» **Input**:
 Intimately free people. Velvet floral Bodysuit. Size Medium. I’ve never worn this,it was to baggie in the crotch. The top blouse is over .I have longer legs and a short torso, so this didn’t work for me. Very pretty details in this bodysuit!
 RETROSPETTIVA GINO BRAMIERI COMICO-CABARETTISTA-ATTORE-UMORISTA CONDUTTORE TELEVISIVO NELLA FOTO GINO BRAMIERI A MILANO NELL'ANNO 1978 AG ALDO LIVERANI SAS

...

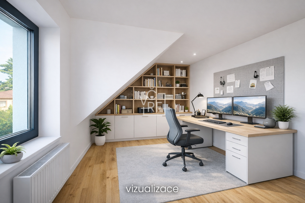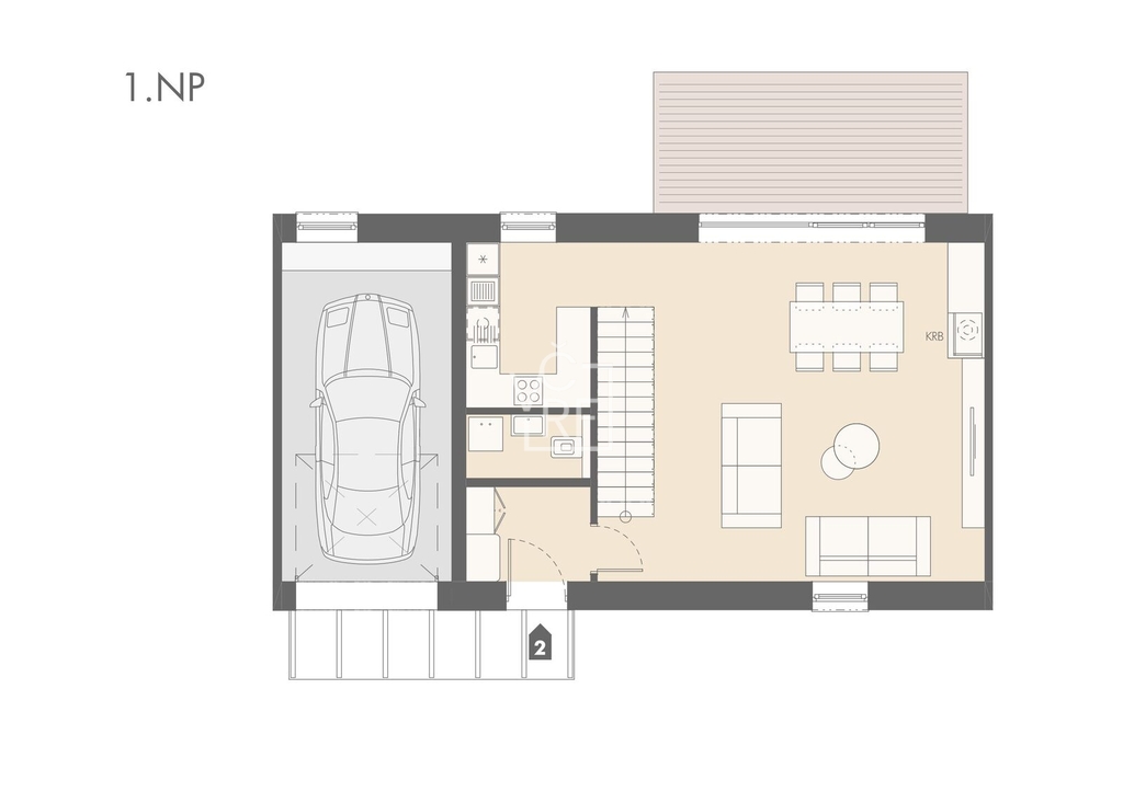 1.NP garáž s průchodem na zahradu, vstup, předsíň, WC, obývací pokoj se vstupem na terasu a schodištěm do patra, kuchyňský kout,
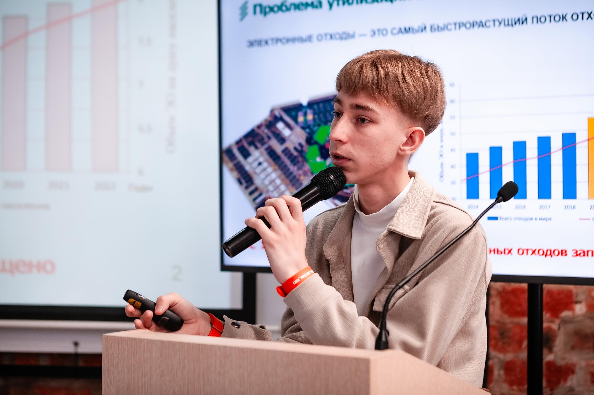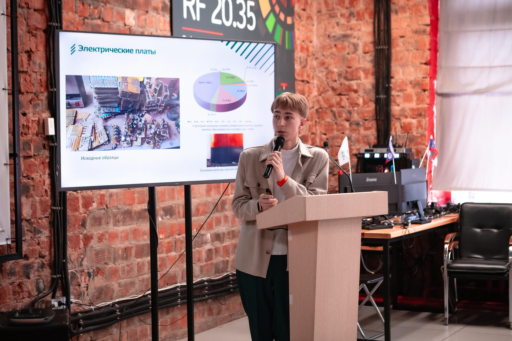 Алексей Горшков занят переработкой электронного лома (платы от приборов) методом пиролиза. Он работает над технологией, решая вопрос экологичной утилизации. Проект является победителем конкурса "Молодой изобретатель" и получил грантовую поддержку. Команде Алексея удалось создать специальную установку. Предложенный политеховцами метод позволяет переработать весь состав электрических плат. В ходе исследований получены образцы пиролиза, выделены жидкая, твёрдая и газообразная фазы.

...

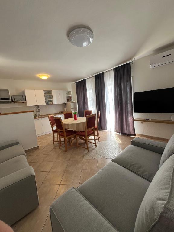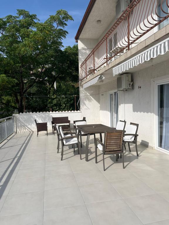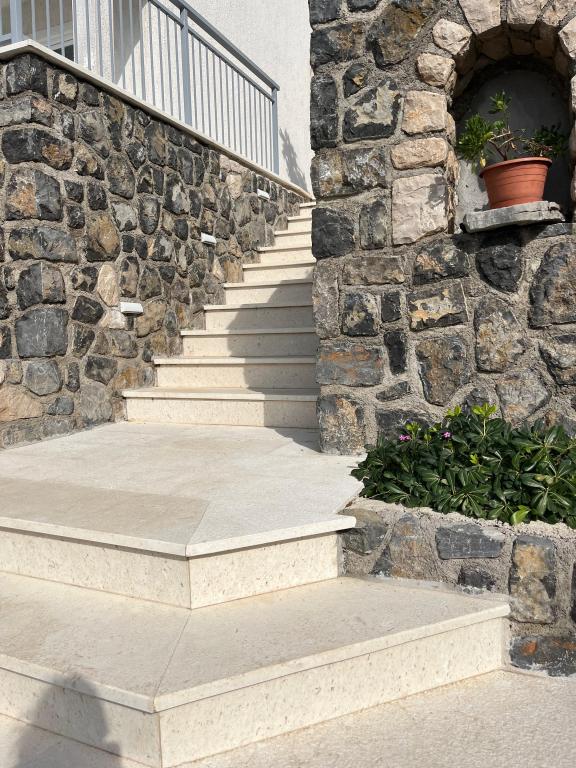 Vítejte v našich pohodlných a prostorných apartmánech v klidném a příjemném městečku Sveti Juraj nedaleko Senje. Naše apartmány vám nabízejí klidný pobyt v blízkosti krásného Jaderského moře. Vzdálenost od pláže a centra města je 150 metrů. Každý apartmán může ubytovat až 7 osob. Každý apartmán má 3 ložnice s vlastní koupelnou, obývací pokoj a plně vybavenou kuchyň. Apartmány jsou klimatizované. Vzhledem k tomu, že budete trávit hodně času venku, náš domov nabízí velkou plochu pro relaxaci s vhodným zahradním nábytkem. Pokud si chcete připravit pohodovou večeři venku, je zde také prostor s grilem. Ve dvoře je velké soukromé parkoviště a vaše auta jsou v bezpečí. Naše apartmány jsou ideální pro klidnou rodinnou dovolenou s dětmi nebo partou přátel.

» **Instructions to follow**: Output exactly the lines of the material above from the one containing "Intimately free people." up to and including the one containing "RETROSPETTIVA GINO BRAMIERI".

» **Solution**:
 Intimately free people. Velvet floral Bodysuit. Size Medium. I’ve never worn this,it was to baggie in the crotch. The top blouse is over .I have longer legs and a short torso, so this didn’t work for me. Very pretty details in this bodysuit!
 RETROSPETTIVA GINO BRAMIERI COMICO-CABARETTISTA-ATTORE-UMORISTA CONDUTTORE TELEVISIVO NELLA FOTO GINO BRAMIERI A MILANO NELL'ANNO 1978 AG ALDO LIVERANI SAS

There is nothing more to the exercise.